● WORK REQUEST
Starting with the line that has "3 комн. квартира" in the records below and stopping after the line that has "Other notable touches", output every line exactly and nothing else; skip pictures.

● GIVEN RECORDS
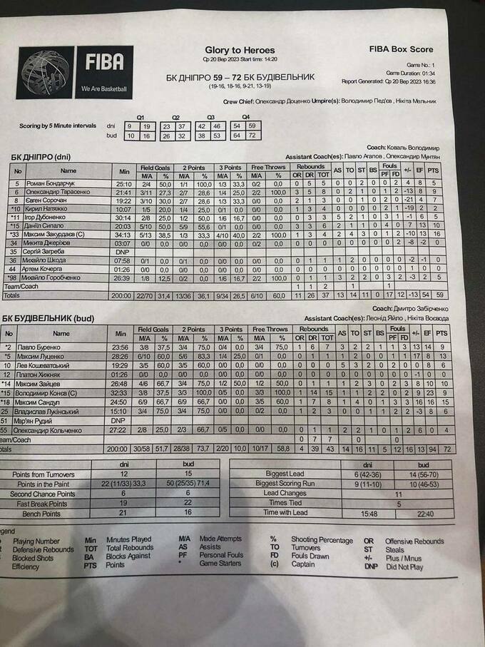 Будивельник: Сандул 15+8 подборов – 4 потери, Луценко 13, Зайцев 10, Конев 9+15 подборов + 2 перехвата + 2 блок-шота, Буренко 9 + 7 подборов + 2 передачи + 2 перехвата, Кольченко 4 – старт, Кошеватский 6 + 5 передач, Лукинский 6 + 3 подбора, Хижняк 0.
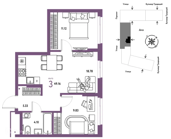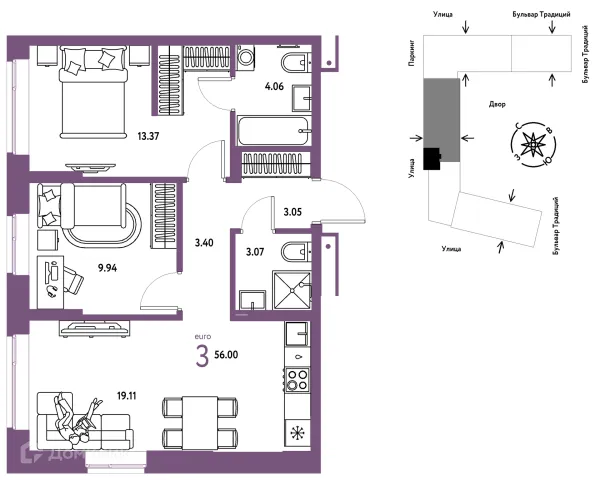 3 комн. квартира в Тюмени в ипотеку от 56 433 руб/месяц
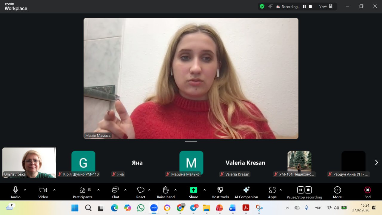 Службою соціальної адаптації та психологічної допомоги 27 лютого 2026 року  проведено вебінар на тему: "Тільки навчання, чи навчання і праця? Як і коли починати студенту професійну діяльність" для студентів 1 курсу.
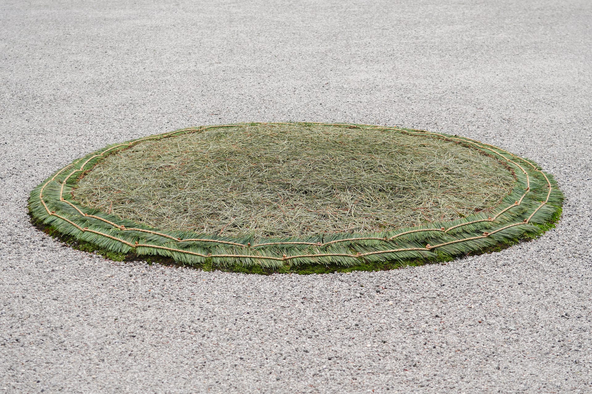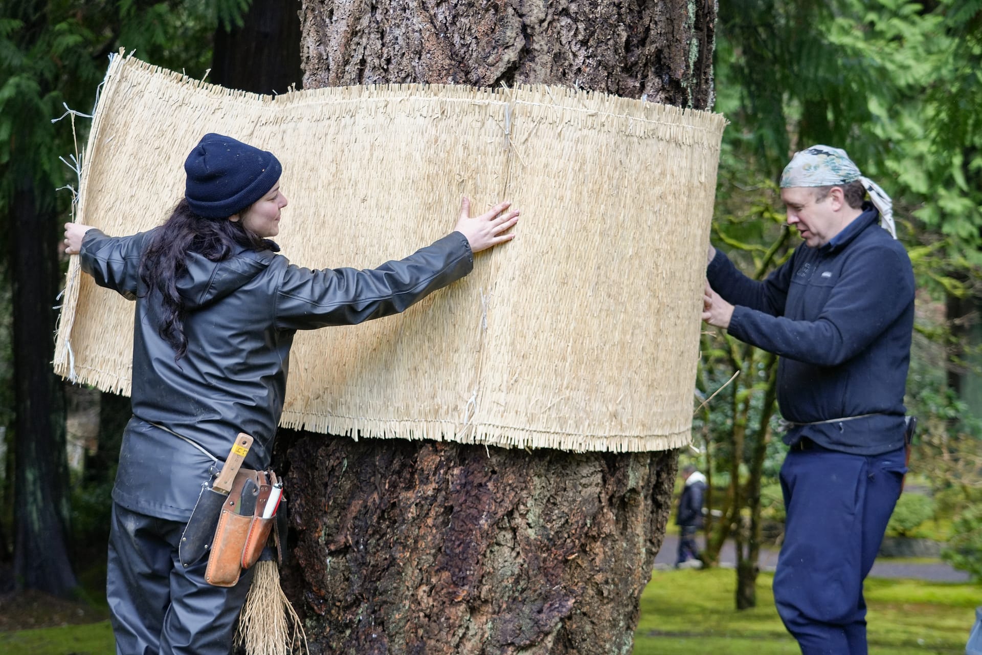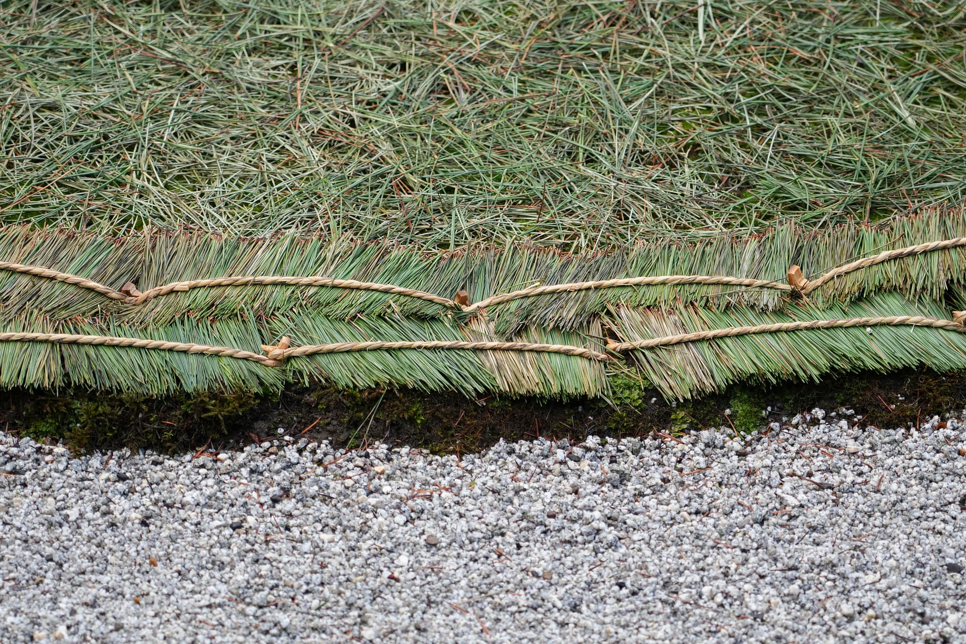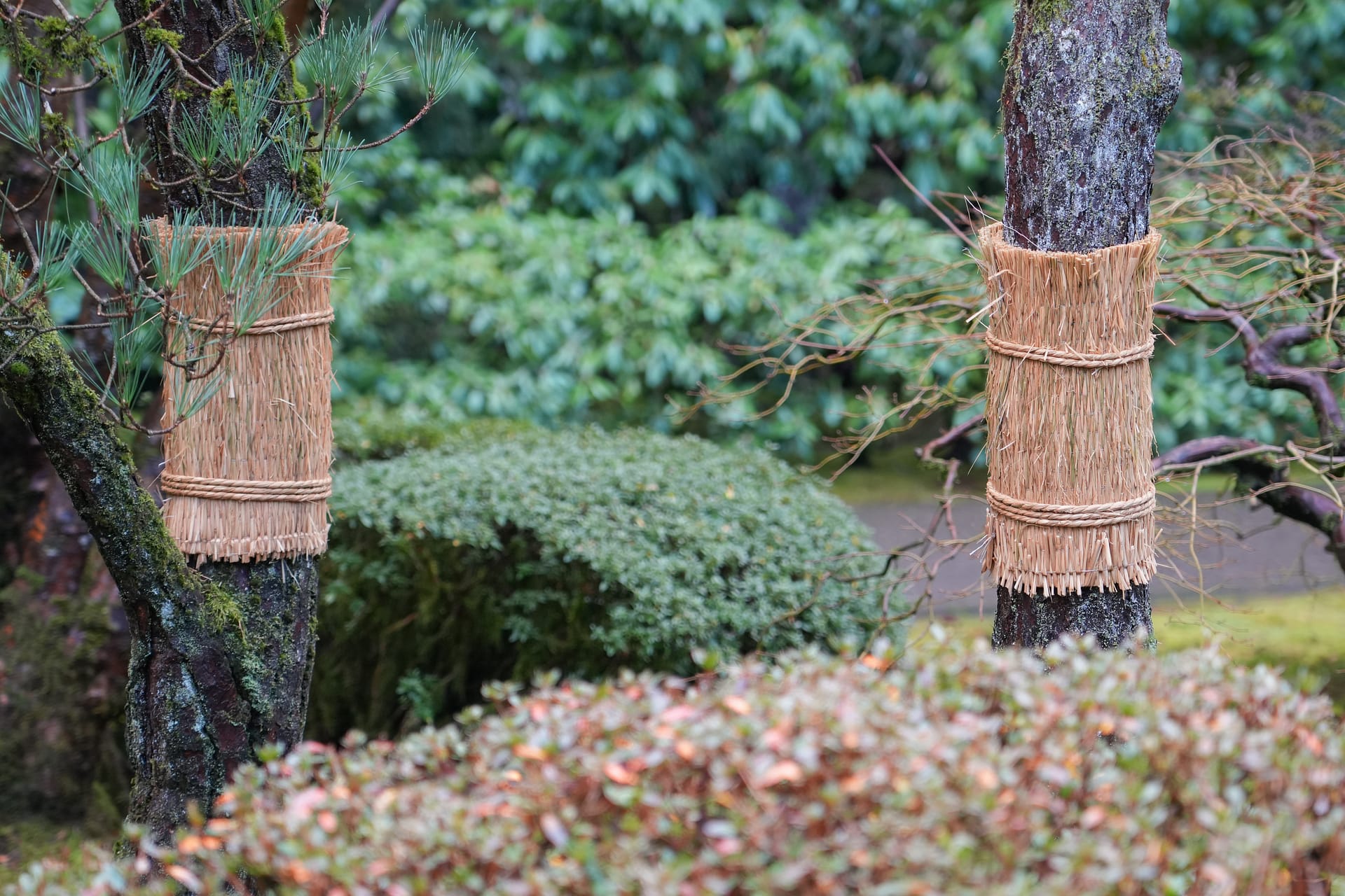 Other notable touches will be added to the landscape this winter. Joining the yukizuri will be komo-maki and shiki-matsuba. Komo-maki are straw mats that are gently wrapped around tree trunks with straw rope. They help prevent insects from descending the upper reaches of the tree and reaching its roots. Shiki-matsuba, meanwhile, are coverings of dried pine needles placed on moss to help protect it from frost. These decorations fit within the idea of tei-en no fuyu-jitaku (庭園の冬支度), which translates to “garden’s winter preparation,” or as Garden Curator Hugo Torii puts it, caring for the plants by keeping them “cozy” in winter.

---

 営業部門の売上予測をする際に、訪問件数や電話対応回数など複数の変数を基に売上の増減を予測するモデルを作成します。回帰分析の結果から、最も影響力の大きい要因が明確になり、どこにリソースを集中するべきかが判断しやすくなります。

* * *

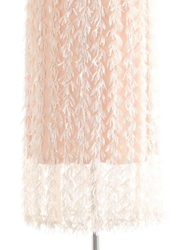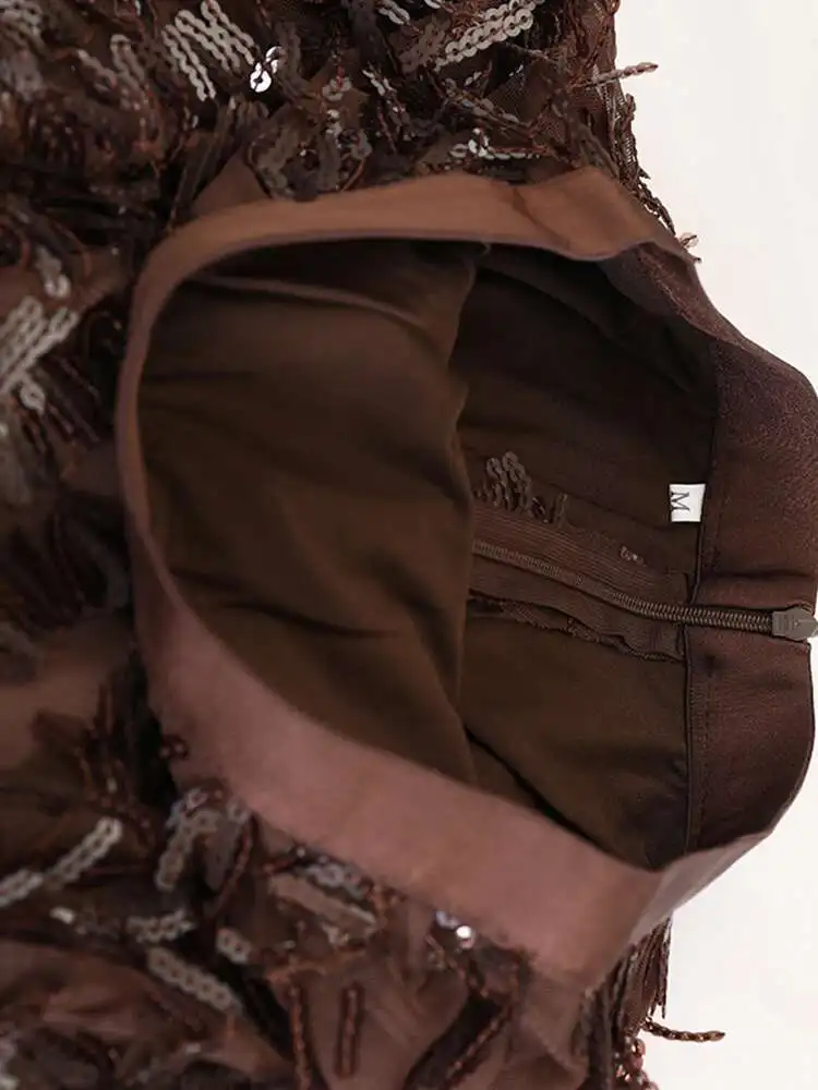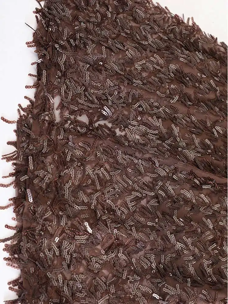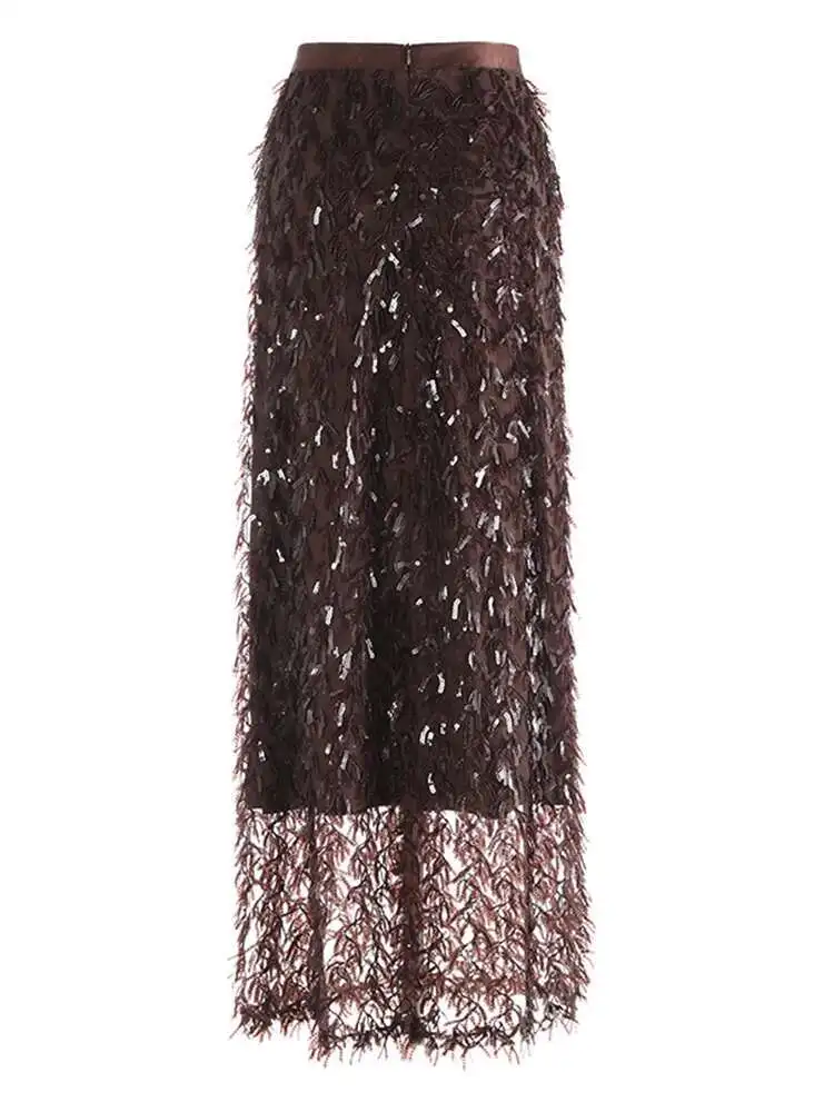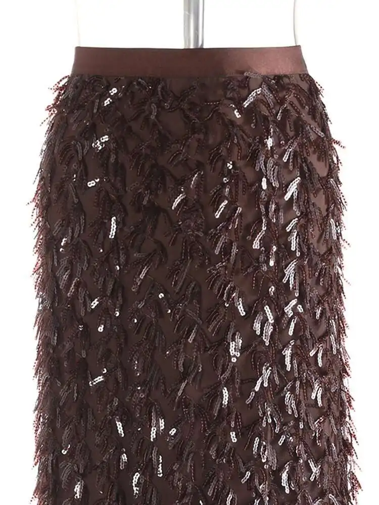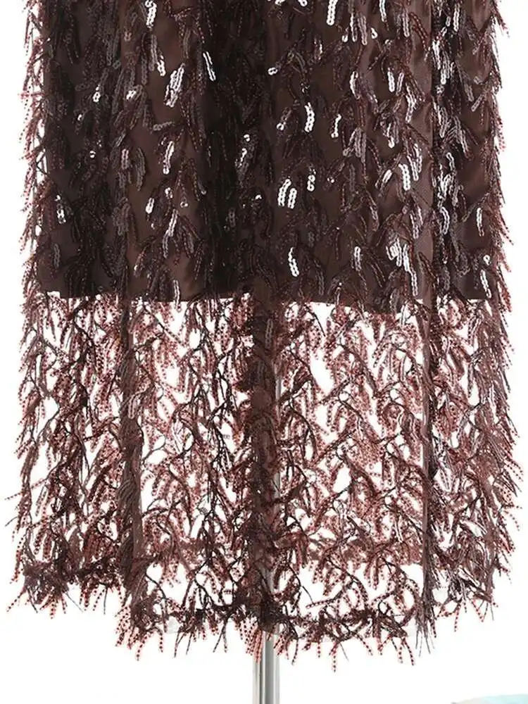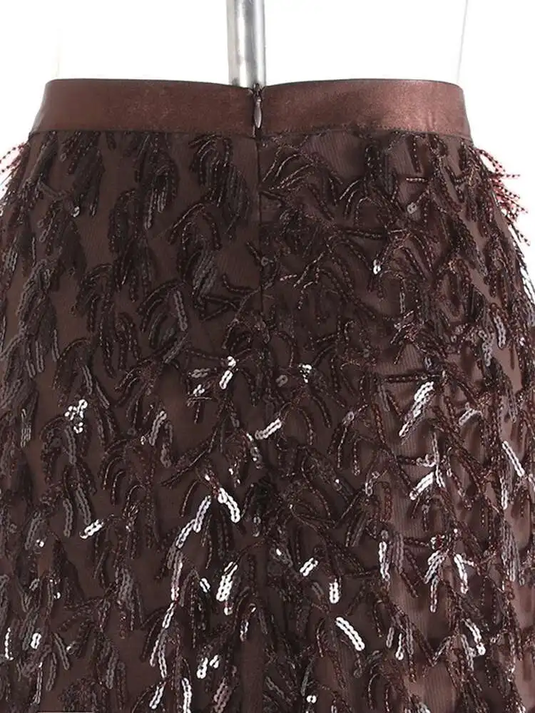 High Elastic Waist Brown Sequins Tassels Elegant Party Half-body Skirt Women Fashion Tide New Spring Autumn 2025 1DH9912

● RESPONSE FOR THIS EXERCISE
 3 комн. квартира в Тюмени в ипотеку от 56 433 руб/месяц
 Службою соціальної адаптації та психологічної допомоги 27 лютого 2026 року  проведено вебінар на тему: "Тільки навчання, чи навчання і праця? Як і коли починати студенту професійну діяльність" для студентів 1 курсу.
 Other notable touches will be added to the landscape this winter. Joining the yukizuri will be komo-maki and shiki-matsuba. Komo-maki are straw mats that are gently wrapped around tree trunks with straw rope. They help prevent insects from descending the upper reaches of the tree and reaching its roots. Shiki-matsuba, meanwhile, are coverings of dried pine needles placed on moss to help protect it from frost. These decorations fit within the idea of tei-en no fuyu-jitaku (庭園の冬支度), which translates to “garden’s winter preparation,” or as Garden Curator Hugo Torii puts it, caring for the plants by keeping them “cozy” in winter.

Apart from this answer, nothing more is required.